Hi Nathan,
On Tue, May 27, 2014 at 09:08:32PM -0400, Nathan Scott wrote:
> > wondering if there is a better way in general to achieve my goal here
> > (retrieve all values/indoms for all metrics for all timestamps).
>
> This class of problem sounds suited to solving using the same model
> that pmlogsummary uses. It performs sequential result scanning via
> pmFetchArchive(3), with a single pmSetMode at the start to set the
> initial archive offset.
>
> As it passes through the pmResult structures, it constructs a data
> structure alot like the one you describe above (written in C though).
> It uses a hash of all PMIDs (key == PMID, value == "struct aveData")
> wherein each PMID hash value contains a list of all instances that
> grows dynamically as the archive is scanned and new instances found.
>
> Then at the end of scanning the archive, the now in-memory PMID hash
> is walked, final calculations are done, and a report printed out. In
> the end, it doesn't use pmGetInDom[Archive] at all, but instead uses
> pmNameInDom(3).
thanks for the hints. I've now switched to using pmFetchArchive (how did I
not notice this function before is beyond me) and pmNameInDomArchive.
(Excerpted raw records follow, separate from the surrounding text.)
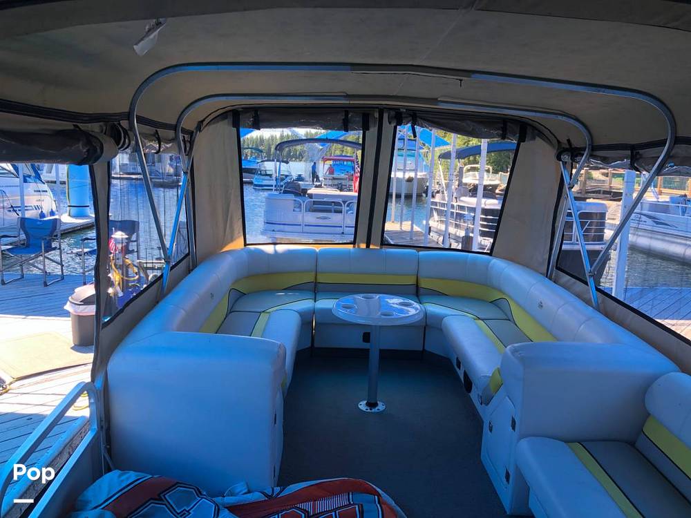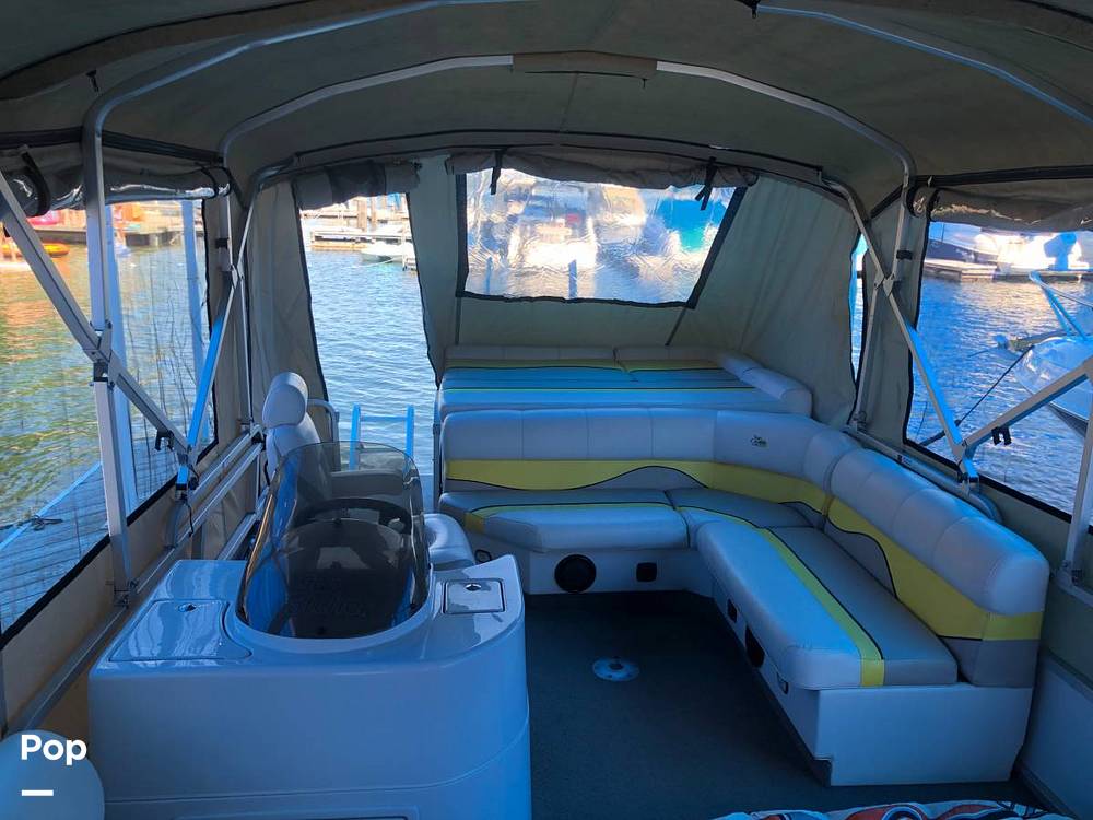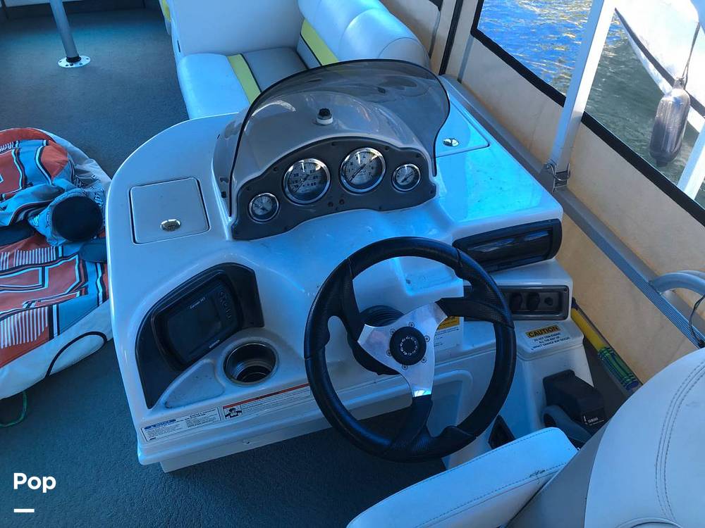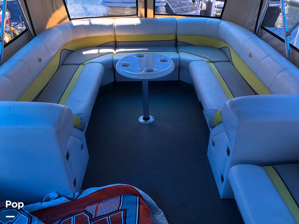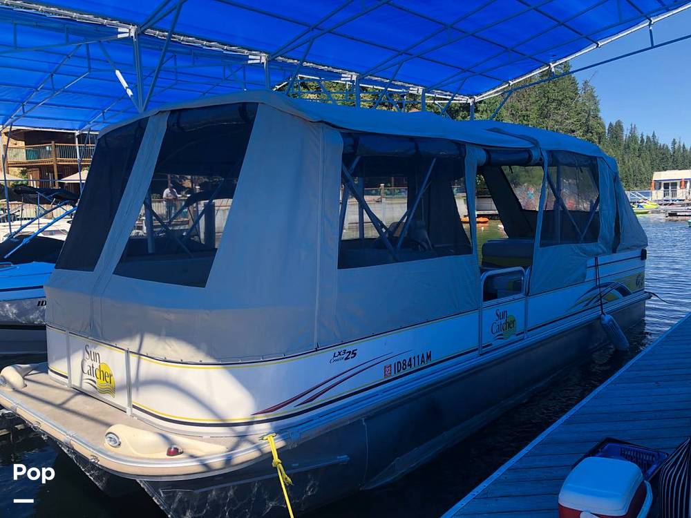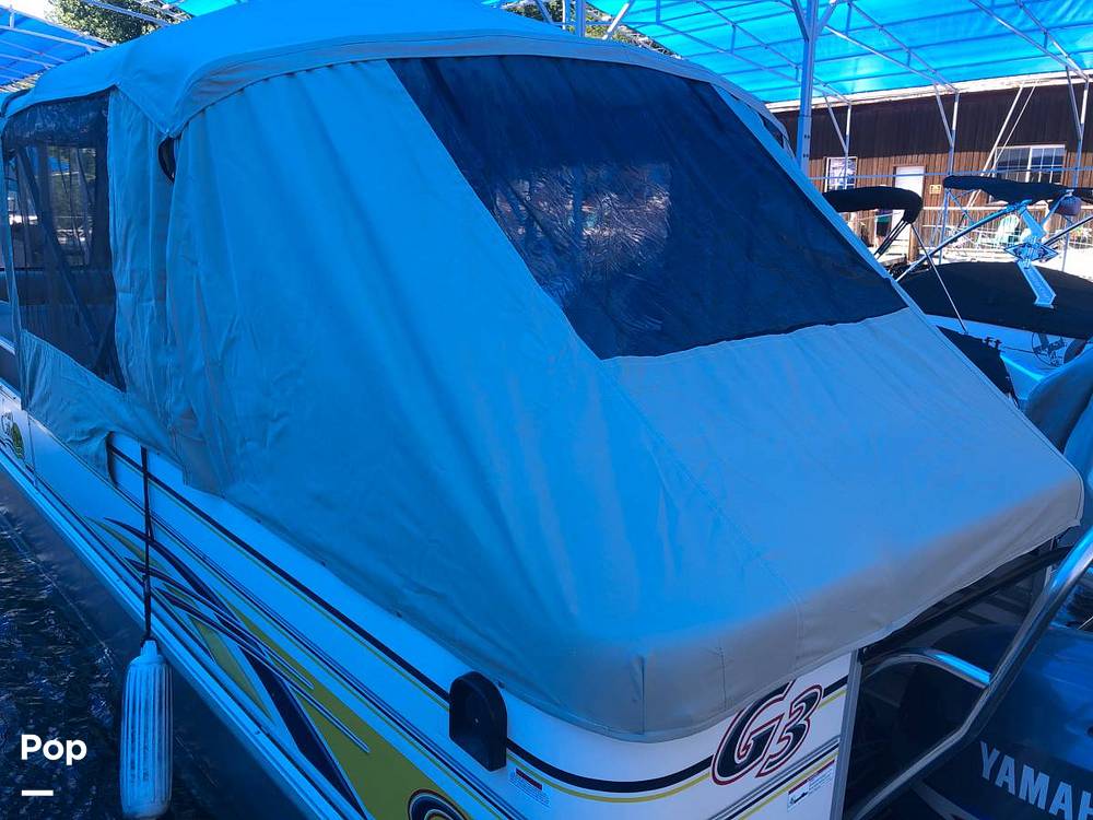 The 2007 G3 Pontoon LX3 25C is a tritoon boat model with a 150 HP Yamaha engine. It has a live well and depth finder double bimini top with a removable complete enclosure.
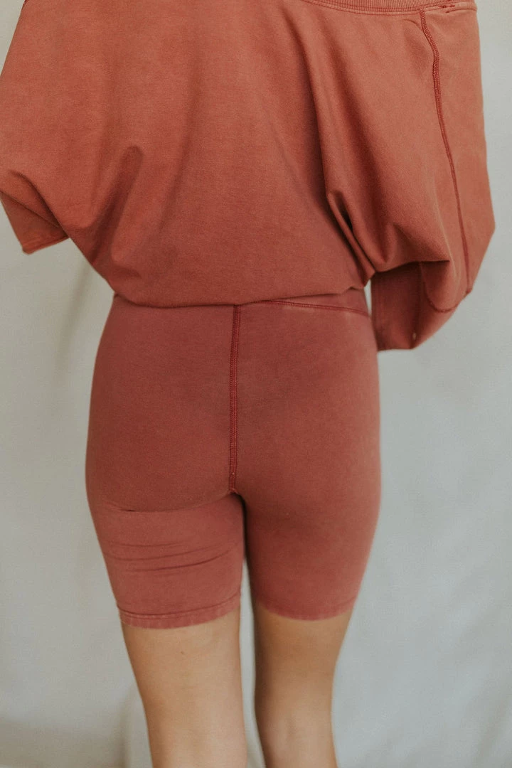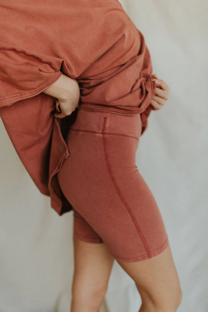 Get set to take on low-impact workouts and rest days in this breathable and lightweight two-piece set featuring an oversized tee and so comfy bike shorts. Two tone red sand SET.
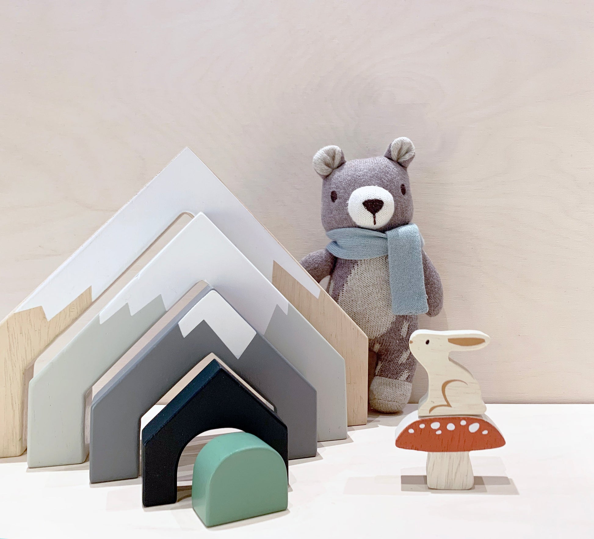 An accessory to the wooden Treetops Train Set or to be enjoyed as a tunnel toy, 5 mountain shape arches are all cut from one solid piece of rubberwood and illustrated to evoke the natural world.
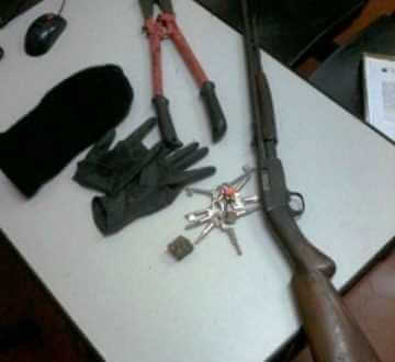 Foram localizadas luvas, touca e a espingarda. O suspeito não foi localizado.
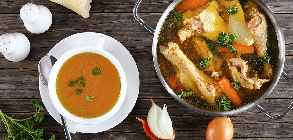 To understand bone broth, first you should understand that it’s not quite a broth and it’s not quite a stock. Broth is made by simmering herbs and spices, vegetables and meat for around 45 minutes to two hours. Stock adds more bones to the recipe and increases the cooking time to four to six hours.
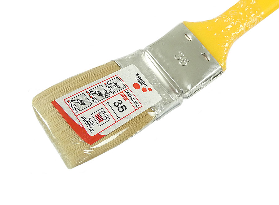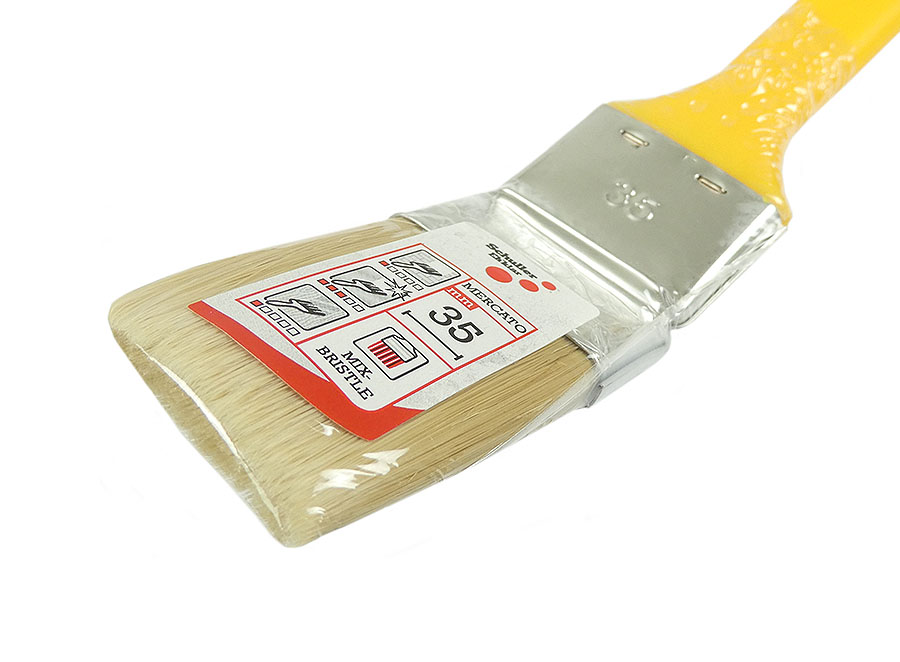 Der SCHULLER Heizkörperpinsel MERCATO HP, aus der Familie der Flachpinsel, wird zum Auftragen von Farbe an Wänden, Decken, Fassaden und weiteren Oberflächen verwendet. Flachpinsel verteilen die Farbe besonders gut und können quer eingesetzt werden, um relativ schmale Striche zu ziehen oder vorteilhafter in Ecken zu gelangen. Die hellen Borsten werden in einer verzinkten Zwinge verklebt und auf den Stiel aufgeschoben. Der Heizkörperpinsel eignet sich für Dispersionen, Wandfarben und lösemittelhaltige Lacke. Wir bieten diesen Heizkörpinsel in 2 Breiten an: 25 mm und 35 mm (siehe unter Varianten). Borstenlänge und Stärke sind ebenfalls individuell und können Sie bitte ebenfalls aus den Technischen Daten der einzelnen Varianten entnehmen.
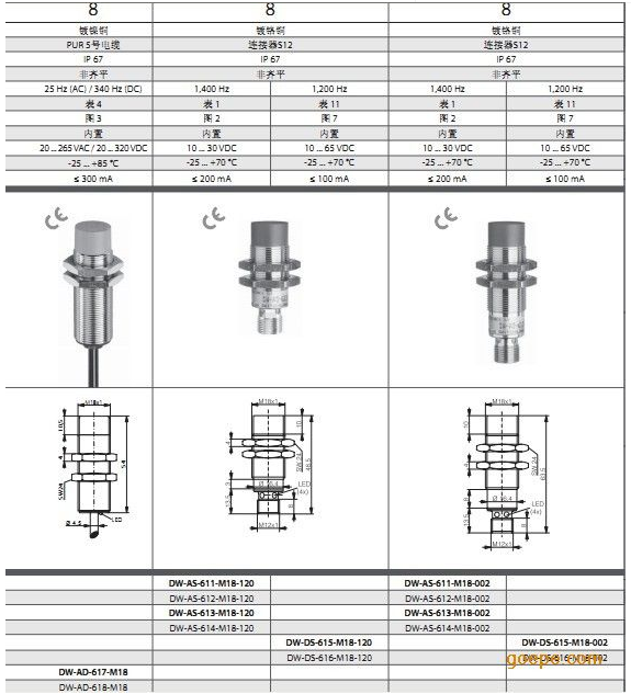 DW-AS-621-M8-001瑞士科瑞接近開(kāi)關(guān)包括Φ6.5mm到M30尺寸的所有常用的傳感器。根據(jù)IEC60947-5-2/EN60947-5-2以及VDE0660中的208節(jié),所有傳感器分別有3線(xiàn)直流,PNP和NPN,都接有電纜或連接器。M12,M18以及M30都有2線(xiàn)型號(hào)(10-30VDC或20-265VAC/20-320VDC)。
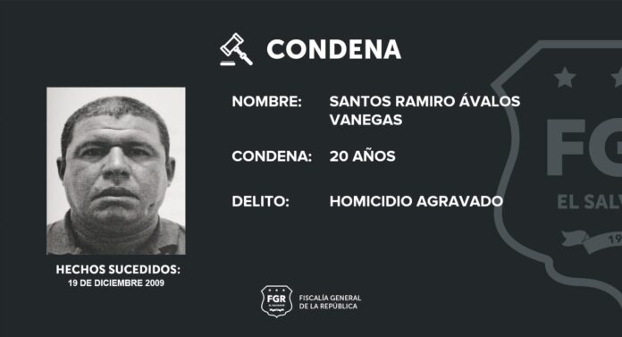 “Santos Ramiro Ávalos Vanegas ha sido condenado a 20 años de prisión por el delito de homicidio agravado”, dijo la FGR.
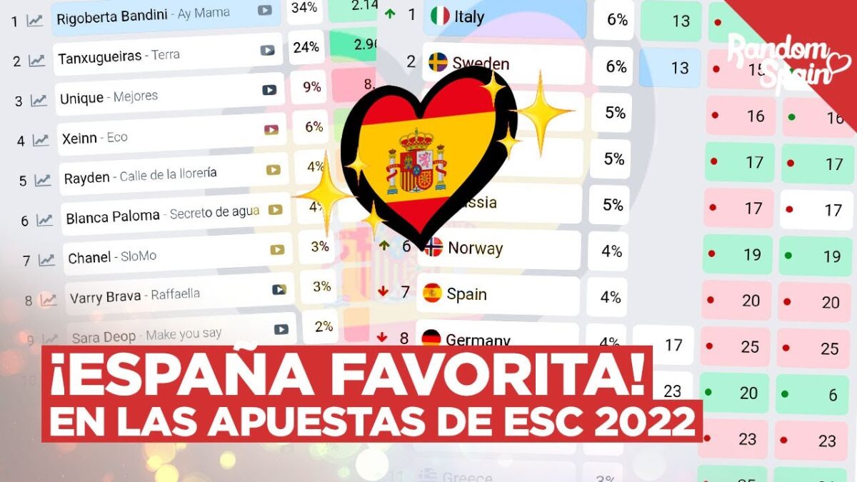 Aunque Ucrania parece ser el claro favorito, las encuestas han ido cambiando día a día posicionando a Ucrania y Suecia las primeras. Por otra parte España con Chanel continúa muy bien situada según las casas de apuestas.
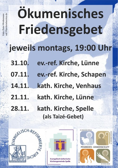 Auch in den nächsten Wochen wird es in unseren vier Gemeinden ökumenische Friedensgebete geben, zu denen wir herzlich einladen (s. Bild).
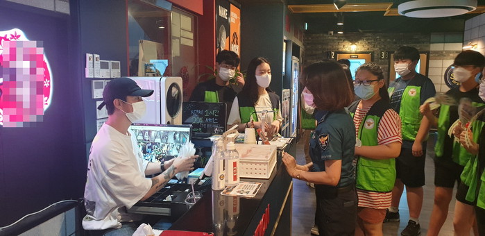 [로컬세계 맹화찬 기자]부산지방경찰청은 19일 서면 및 부전동 일원에서 부산진경찰서·부산YWCA 청소년유해 환경감시단과 함께 코로나 19 예방을 위해 PC방·노래연습장 등을 방문해 최근 확산되고 있는 코로나19 방역활동 및 청소년 선도·보호를 위한 캠페인을 하고 합동순찰도 진행했다.
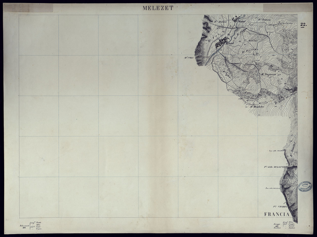 VALLI DELLA DORA RIPARIA SITUAZIONE DAL 1860 AL 1871 RILIEVI AL 10.000 MELEZET - FOGLIO 22.
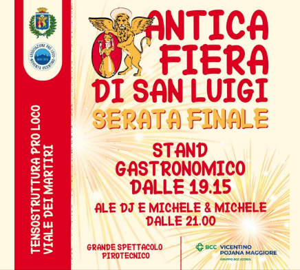Stasera è l’ultimo giorno per la tradizionale Sagra di San Luigi a Noventa Vicentina. Luna park, stand gastronomico e pista da ballo in sede pro loco in via dei Martiri, Pesca di beneficenza. “E per concludere – spiega il sindaco Mattia Veronese – uno spettacolare momento conclusivo: con il tradizionale spettacolo pirotecnico a partire dalle ore 23.30. Vi aspettiamo!”.

So now
the pseudo code is something like the following:
while true:
result = ctx.pmFetchArchive()
for i in range(result.contents.numpmid):
pmid = result.contents.get_pmid(i)
desc = context.pmLookupDesc(pmid)
count = result.contents.get_numval(i)
if count <= 1: # No indoms are present
...extract value...
else:
for j in range(count):
inst = result.contents.get_inst(i, j)
indom_name = context.pmNameInDomArchive(desc, inst)
...extract data..
Since pmNameInDomArchive was quite high up in my profiling
I cached it in a dictionary so that indom_cache[(i, j)] = indom_name.
This way I only look it up when the metric appears the first time, and
I shave off 40% of the time needed to parse this (the rest is dominated
by python casts and by pmExtractValue calls, for which there are less
obvious ways to improve). Is this a safe thing to do? Am I guaranteed
that the mapping (i, j)->indom_name will stay the same in an archive?
Somehow I assume that is not the case (pmcd restart with new PMDA, etc.),
but maybe I'll get lucky ;)
cheers,
Michele
--
Michele Baldessari <michele@xxxxxxxxxx>
C2A5 9DA3 9961 4FFB E01B D0BC DDD4 DCCB 7515 5C6D
|